Nearly all islands across the Lesser Antilles are experiencing moderate air quality levels as of 7:30 AM Tuesday 25th June 2019. A moderate surge of Saharan Dust is forecast to continue moving across Trinidad, Tobago and the Southern Windwards with its peak occurring on today. This dust event is not forecast to be severe, with good to moderate air quality forecast throughout the week. A more significant surge in Saharan Dust forecast by Saturday, which will be more prolonged, into the first week of July.
Presently, mild to moderate concentrations of Saharan Dust are present across Trinidad and Tobago, with air quality at moderate levels.

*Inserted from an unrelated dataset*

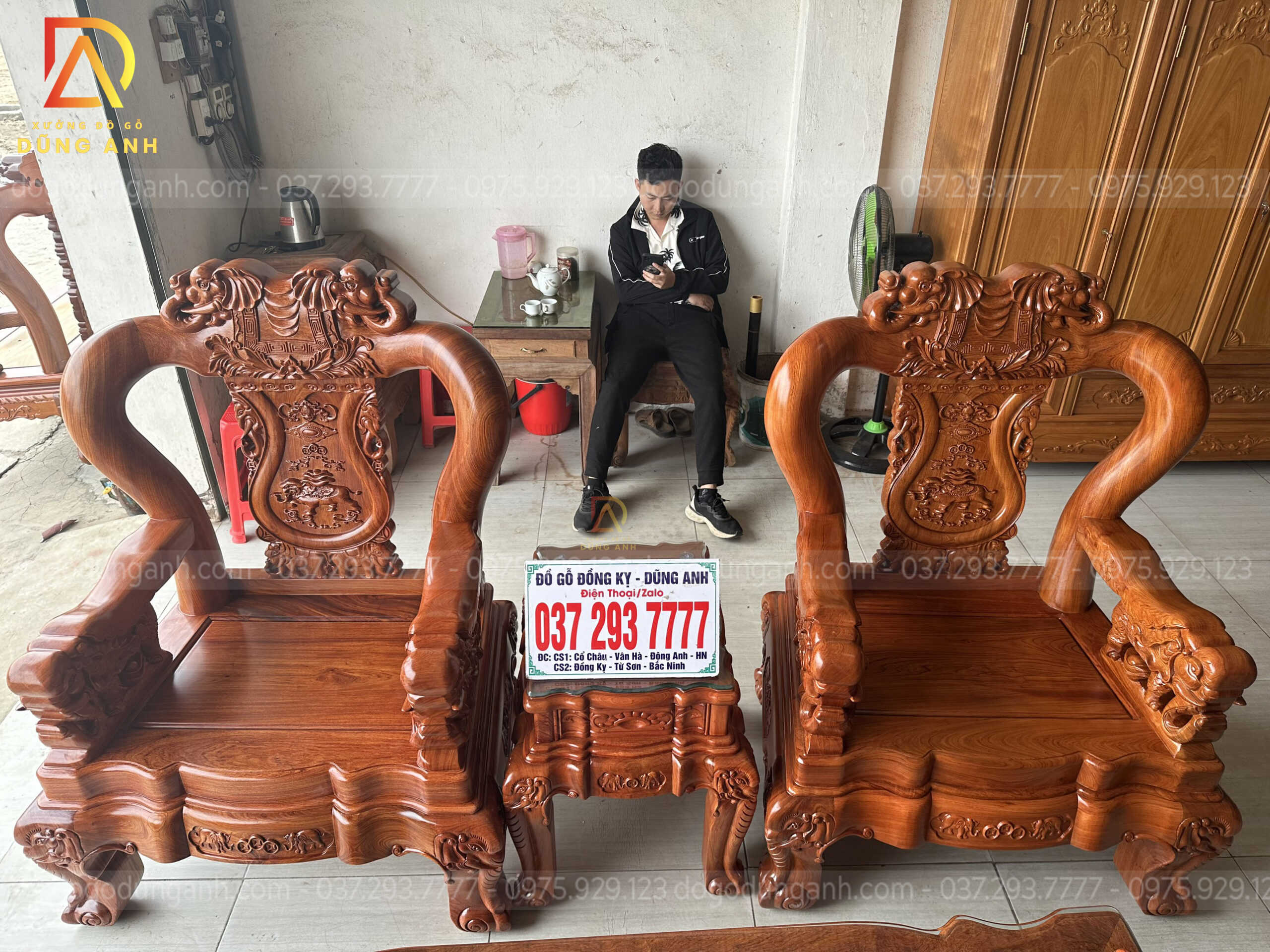 Xưởng đồ gỗ Dũng Anh xin trân trọng giới thiệu đến quý khách hàng bộ sản phẩm vừa hoàn thiện bộ bàn ghế và kệ tivi Minh Quốc Voi chân 14 cột 12 + Kệ tivi Cột Nho Con Sóc – gỗ Hương Đá hàng siêu VIP cực dày dặn và làm vô cùng chắc chắn

Similar conditions are occurring across the Lesser Antilles as this dust plume began affecting the Lesser Antilles overnight. Note that this dust plume has not been as significant in reducing air quality as the previous surge, late last week.
Moderate Air Quality
AQI – 51 to 100
What does this mean for you?
Air quality is acceptable; however, for some pollutants, there may be a moderate health concern for a very small number of people who are unusually sensitive to air pollution.
Who needs to be concerned?
Unusually sensitive people: Consider reducing prolonged or heavy exertion. Watch for symptoms such as coughing or shortness of breath. These are signs to take it easier.
Everyone else: It’s a good day to be active outside.
What should you do?
Sensitive Groups: Sensitive groups such as those with respiratory ailments, children and the elderly are advised to reduce outdoor physical exertion, and reduce the time of their stay outdoors, especially in areas with heavy traffic.
Air purification: At this level, the air is slightly polluted. It is recommended to turn on your air purifier, running at a low level, at a minimum.
Ventilation: Please close windows, as the air is slightly polluted.
Masks: Wearing a mask during outdoor activity is recommended, particularly in areas with heavy traffic.
Outdoor Activity: It is recommended to stay indoors and avoid outdoor exercise.
The concentration of the dust that follows the wave depends on the strength of the wave as it moves off the West African Coast. This is because of stronger thunderstorms across Central Africa. As strong winds move downward and outward from these thunderstorms, the wind kicks up dust as it moves across parts of the Saharan Desert and transports it into the upper atmosphere. This “plume” of dust follows the axis of the wave as it progresses westward into the Atlantic.
Larger, more concentrated plumes of Saharan dust begin to occur in April and continue through November.
Dust models continue to show, following the passage of tropical waves, moderate concentrations of Saharan Dust moving across Trinidad and Tobago over the next several weeks. Based on the latest model guidance, following this surge over the next 24 hours, another moderate surge is forecast by June 30th.
Sensitive groups such as persons with respiratory ailments, children, the elderly and cardiopulmonary disease should take the necessary precautions on days where dust concentrations degrade air quality to moderate to unhealthy for sensitive groups.